» **EXERCISE OBJECTIVE**
Reproduce, character for character, the lines below from the first through the one with "Zahvaljujući bešavnim, prethodno". Leave pictures out.

Stored items

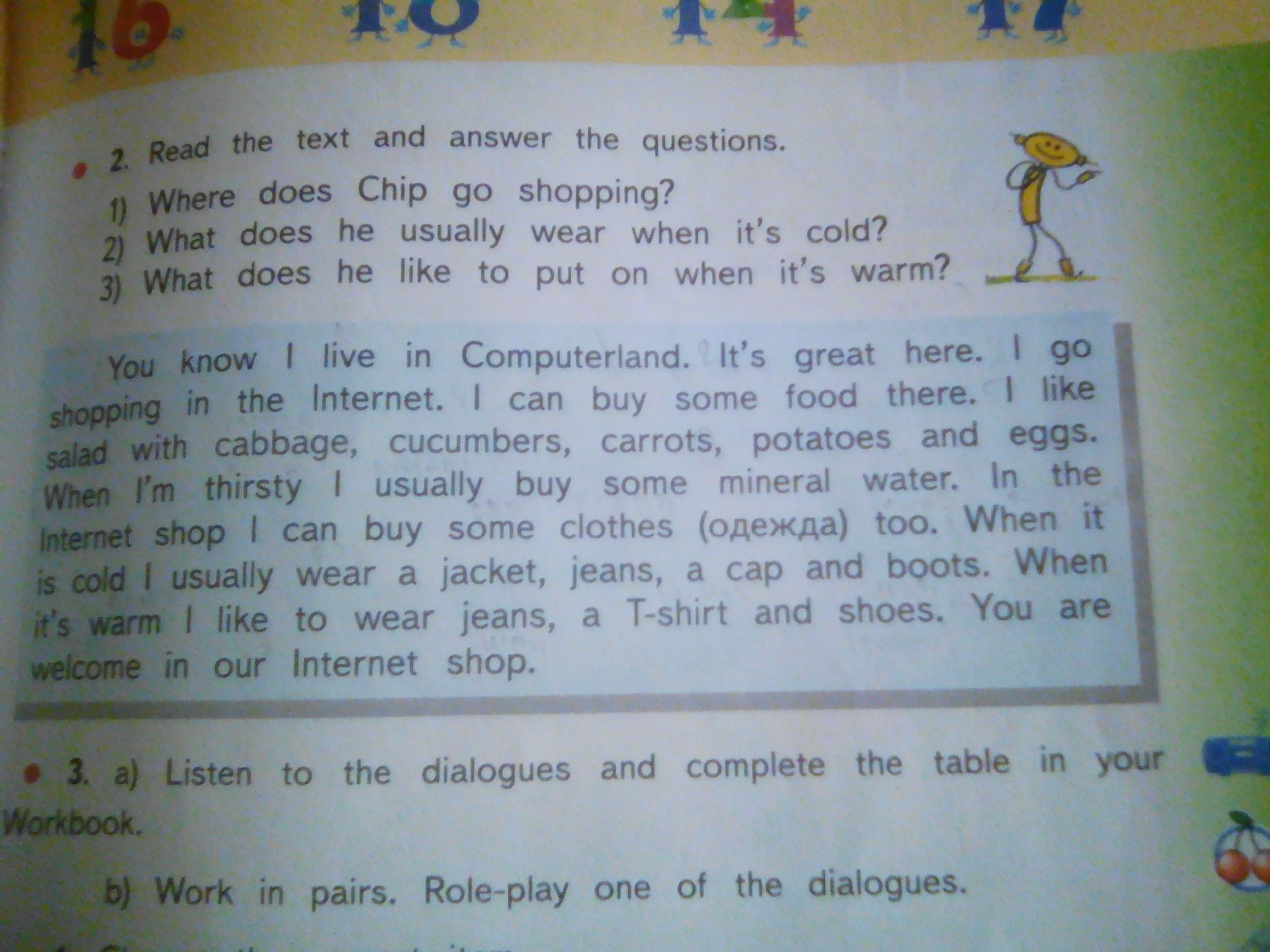 Ты знаешь, что я живу в компьютерном мире. Здесь хорошо. Я делаю покупки в интернете. Я могу купить некоторую еду здесь. Мне нравится салат с капустой, огурцами, морковью, картофелем и яйцами. Когда я хочу пить, я обычно покупаю минеральную воду. В интернет магазине я могу купить некоторую одежду тоже. Когда холодно, я обычно надеваю куртку, джинсы, шапку и ботинки. Когда жарко, я люблю носить джинсы, футболку, и кроссовки. Добро пожаловать в наш интернет магазин.
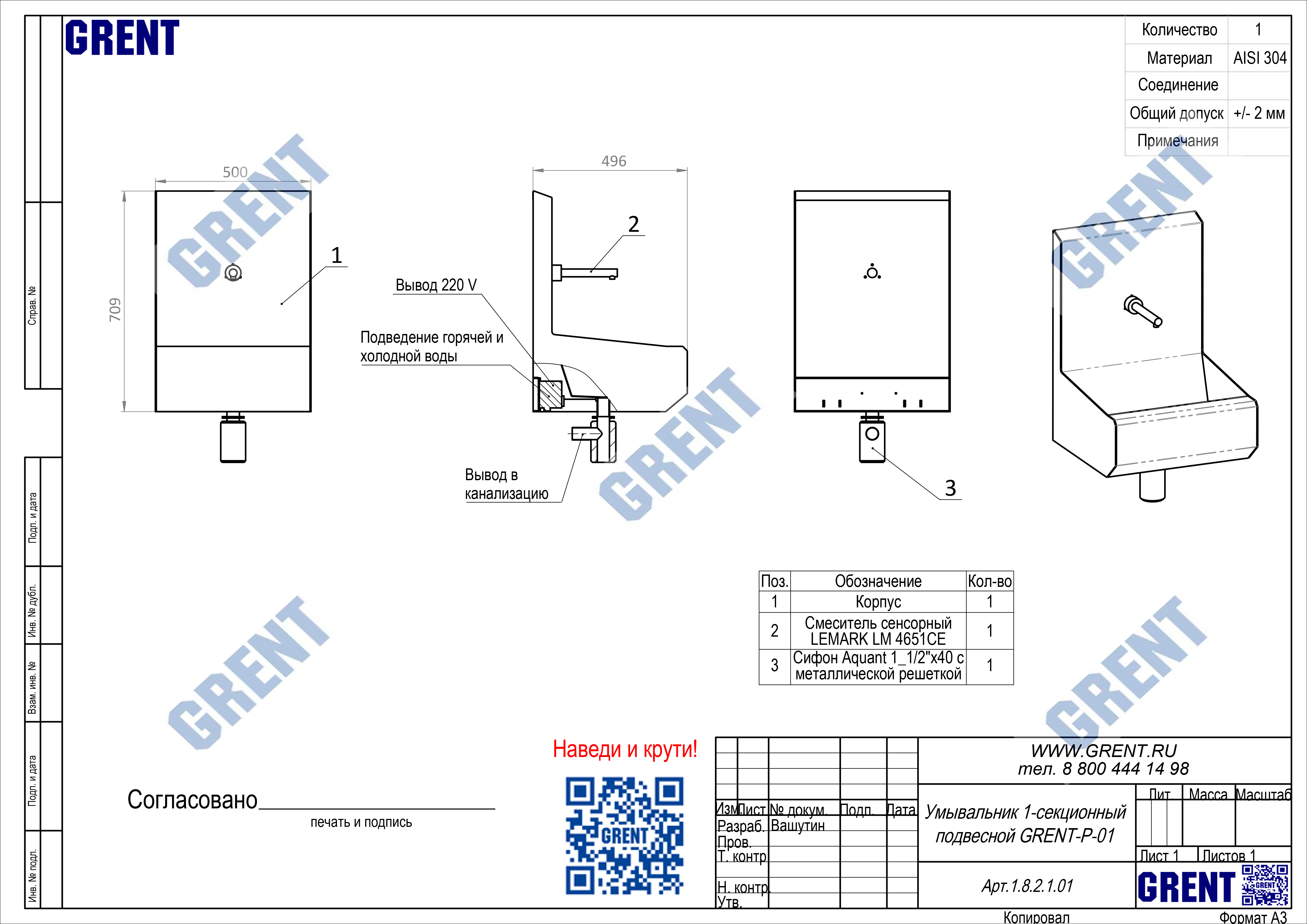 Одно секционный умывальник GRENT-P-01 используется для бесконтактной мойки рук персонала преимущественно на предприятиях общепита и пищевой промышленности. Активация подачи воды осуществляться фотодатчиком при поднесении рук к смесителю.
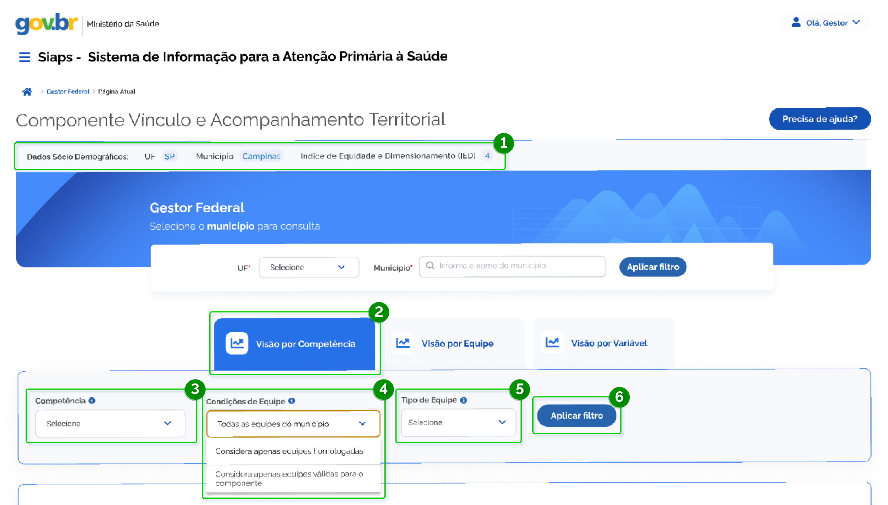 Para acompanhamento desse componente, o Siaps disponibiliza as visualizações por Competência, visão por equipe e visão por indicador. Abaixo o detalhamento da tela desse componente (Figura 6.1).
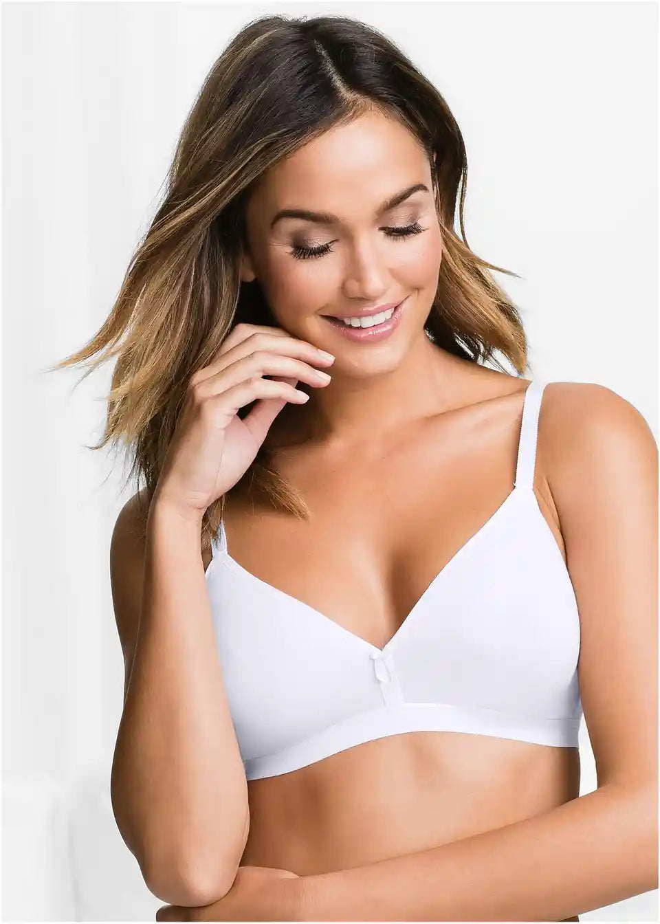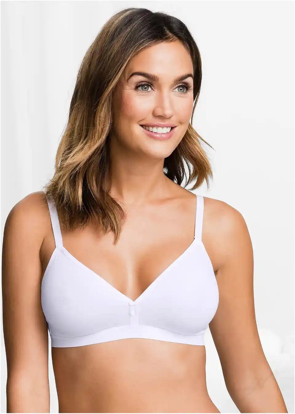 Zahvaljujući bešavnim, prethodno oblikovanim košaricama i organskom pamuku, grudnjak ugodno sjeda na kožu bez pritiska. Visoki rez košarica i uske naramenice dodatno ističu lijepi dekolte. Diskretni ukras je mašnica na sredini. Grudnjak bpc dizajna je bez žice i savršen je za nošenje ispod pripijene odjeće poput topova ili majica. U pakiranju od 3 komada dolazi u kombinacijama 2x bijela i 1x svijetloplava, 2x crna i 1x patlidžan te 1x crna, 1x bijela i 1x crvena.
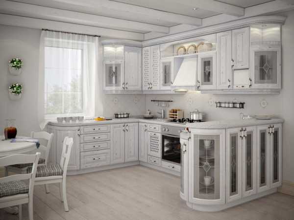 Наиболее популярным решением является белая кухня в классическом стиле. Этот цвет всегда выглядит нарядным, торжественным и чистым. Интерьер становится просторным, а обстановка – величественной. Но дизайн даже гарнитуров из МДФ никогда не бывает однотонным: каждый подобный проект использует отделку в виде позолоты. Как правило, ее наносят на ручки фасадов, на сами фасады в местах фрезеровки, на потолочную лепку, при этом аналогично могут декорироваться вытяжка, буфеты с витриной и другие детали.
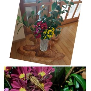 今晩は🌙😃❗ お茶の木と小菊を生けました。 夕方 畑の水槽でトンボが浮いていたので 救うと まだ 生きていたのでお家に 朝夕 冷えるので小菊にのせて お昼頃 下駄箱に移動していたので 羽も乾き 一度手から飛び立ちましたが 落下❓️😂 二度目は高く 飛んで行きました。❣️ 元気になって良かったね。🤗👋
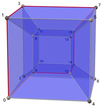 (The tesseract is the 4-dimensional hypercube, and has 8 cubic cells, 24 square faces, 32 edges and 16 vertices.)

» **ANSWER BOX**
 Ты знаешь, что я живу в компьютерном мире. Здесь хорошо. Я делаю покупки в интернете. Я могу купить некоторую еду здесь. Мне нравится салат с капустой, огурцами, морковью, картофелем и яйцами. Когда я хочу пить, я обычно покупаю минеральную воду. В интернет магазине я могу купить некоторую одежду тоже. Когда холодно, я обычно надеваю куртку, джинсы, шапку и ботинки. Когда жарко, я люблю носить джинсы, футболку, и кроссовки. Добро пожаловать в наш интернет магазин.
 Одно секционный умывальник GRENT-P-01 используется для бесконтактной мойки рук персонала преимущественно на предприятиях общепита и пищевой промышленности. Активация подачи воды осуществляться фотодатчиком при поднесении рук к смесителю.
 Para acompanhamento desse componente, o Siaps disponibiliza as visualizações por Competência, visão por equipe e visão por indicador. Abaixo o detalhamento da tela desse componente (Figura 6.1).
 Zahvaljujući bešavnim, prethodno oblikovanim košaricama i organskom pamuku, grudnjak ugodno sjeda na kožu bez pritiska. Visoki rez košarica i uske naramenice dodatno ističu lijepi dekolte. Diskretni ukras je mašnica na sredini. Grudnjak bpc dizajna je bez žice i savršen je za nošenje ispod pripijene odjeće poput topova ili majica. U pakiranju od 3 komada dolazi u kombinacijama 2x bijela i 1x svijetloplava, 2x crna i 1x patlidžan te 1x crna, 1x bijela i 1x crvena.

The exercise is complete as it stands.